At any and every level of training, one of the most deadly and subtle enemy is overtraining.
Muscular gains come slowly, and as a result of a lot of hard work. We therefore conclude that the harder we work, the greater our growth. This faulty “more is better” logic will surely lead us to a discouraging deadend. In our eagerness to build muscle , we exceed our training limitations and tear down more muscle tissue that the body is able to repair.
There are many symptoms of overtraining, some of the more common ones are:
- chronic fatigue
- loss of appetite
- proneness to injury and illness
- inability to achieve a pump
- loss of interest in training
You may think you have the flu as muscles ache, bodyweight and strength drop and you have a nagging loss of interest in your training.
If any of these symptoms of overtraining heap up on you, back off your training immediately and take time out to re-evaluate yourself and your workouts. Recovery from overtraining is often brought about by decreasing your training levels, either the number of workouts, number of exercises or number of sets.
This may be a good time to be creative. Try something new or alter your training to reactivate your interest. Check out your diet. Make sure you’re getting plenty of muscle building protein and carbohydrate before and after your workouts. The body feeds off its own tissue as an energy source if not adequately supplied by food intake. It’s vital to keep your attitude up and seek encouragement from partners and friends. This healthy sharing and introspection furthers your learning experience and overall awareness.
You may wisely choose to take a layoff entirely, giving the body a chance to recuperate and your mind the needed time away from the gym. You’ll come back after a few days mentally and physically refreshed and with renewed enthusiasm.

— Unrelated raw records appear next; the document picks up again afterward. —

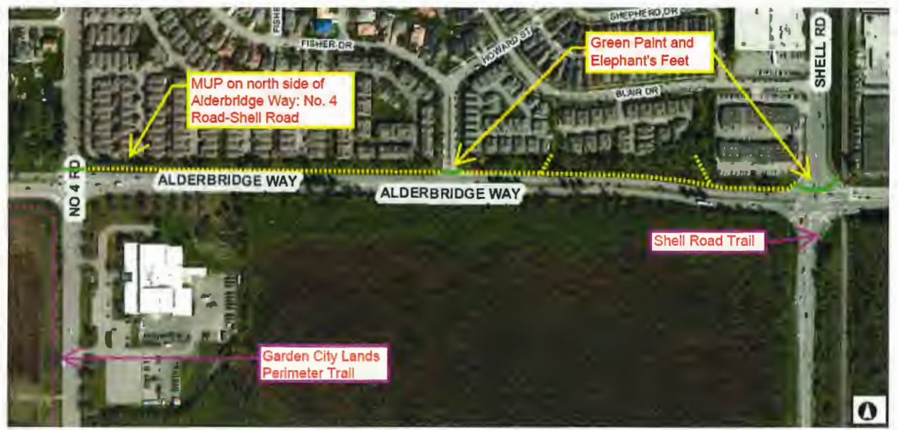
Alderbridge Way (No. 4 Road-Shell Road): Multi-Use Pathway
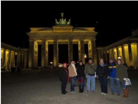
Bradenberg Gate Berlin Germany
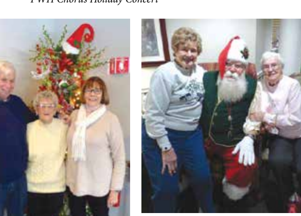
Holiday Open House
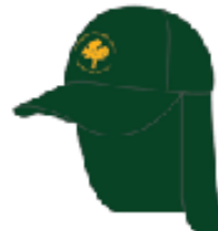
BYS-HARH04 Legionnaire Hat Bottle One Size $12.00
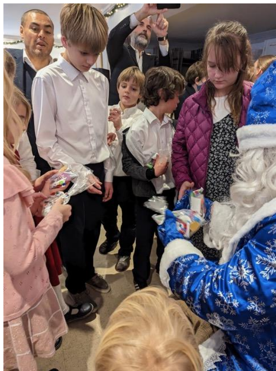
Детишки получают мешочки с лакомством от Деда Морозо Children receive goodies bags from Ded Moroz
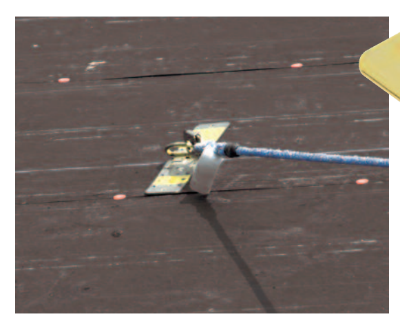
Reusable Roof Anchor installed off roof peak
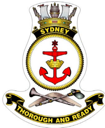
Figure 20 HMAS Sydney IV – 1979 badge design

HMAS Sydney (IV) as displayed by Sydney III design but had the Mural Crown slightly modified in its representation and placed into the 1975 (current) approved standard badge design surround. (Figure 20)
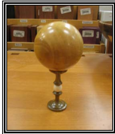
← A terrific globe on a threaded pedestal purchased by Angelo Iafate at the 2004 Symposium.
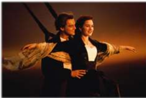
Leonardo DiCaprio and Kate Winslet in Titanic "I'm Flying!" - Click to Watch

theatrical exposure. Despite the streamers' large audiences, many television viewers aren't subscribers and, therefore, don't have a rooting interest in whether those films win. The global pandemic added to the problem by closing most cinemas last year, prompting studios to defer movie openings to 2021. Moviegoers saw few films and have understandably shown little interest in recent awards shows.
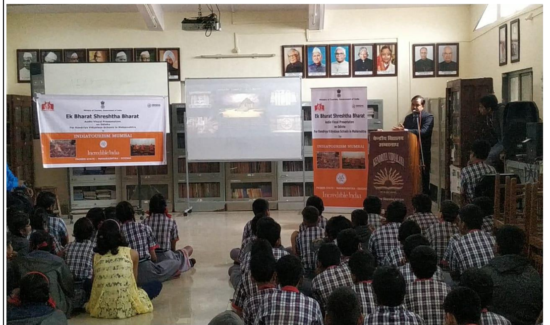
Audio Visual presentation on “Know Odisha” at Kendriya Vidyalaya School, Ambarnath, Thane District on 19 th December, 2019 as Maharashtra & Odisha are paired state under EBSB
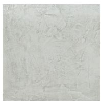
Concrete Travertin look
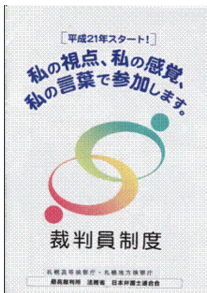
"The Lay Assessor System: Participating with My Opinions, My Sentiments, and My Words" -- cover of undated Supreme Court pamphlet for public distribution, 2006.

On May 21, 2009, lay citizens will join professional judges in deciding the fate of suspects of major crimes in Japan's new saiban-
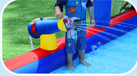
Water Cannon Add More Interaction and Refreshing fun
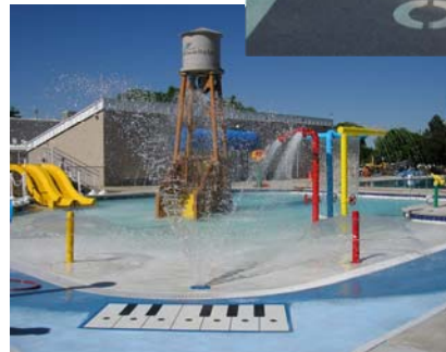
Anderson Park Building and Pool
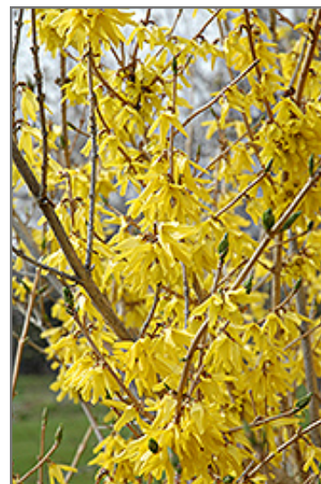
Northern Gold Forsythia flowers
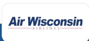
Air Wisconsin Airlines
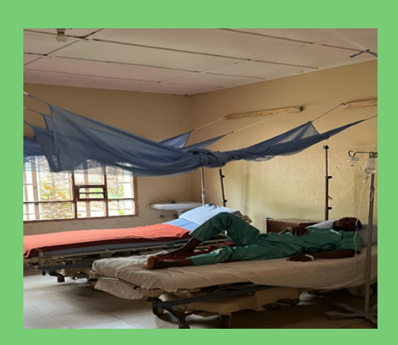
Patient in male ward being treated for malaria

PLATEAUS AND STICKING POINTS
Closely tied to overtraining is the puzzle of sticking points of plateaus. Gains come fast at first. The sport is new, hopes are high and there’s victory in achieving your goals. Increase in muscle size, strength and tone are evident. However, as growth begins to normalize, progress slows down to what seems like a screeching halt. Here time groans by and the less serious lifters are taken to the mat.
Be assured that providing you’re vigorously applying the basics, improvement is always taking place. It’s here where the qualities of discipline, perseverance, determination and patience are developed and are called upon. And here is where real growth takes place in your soul and in your physical self.
Chances are you’ve become anxious, too close to yourself and far too critical. Changes in muscle density and skin tone are very subtle and often appear only after you become weary of examining yourself. Have faith and press on. Don’t submit to a child’s disappointment and don’t give up the front line trenches.
Bodybuilding curiously parallels all of life itself. Each one of us faces these periods of struggle and stagnation and it’s from them that we learn and grow.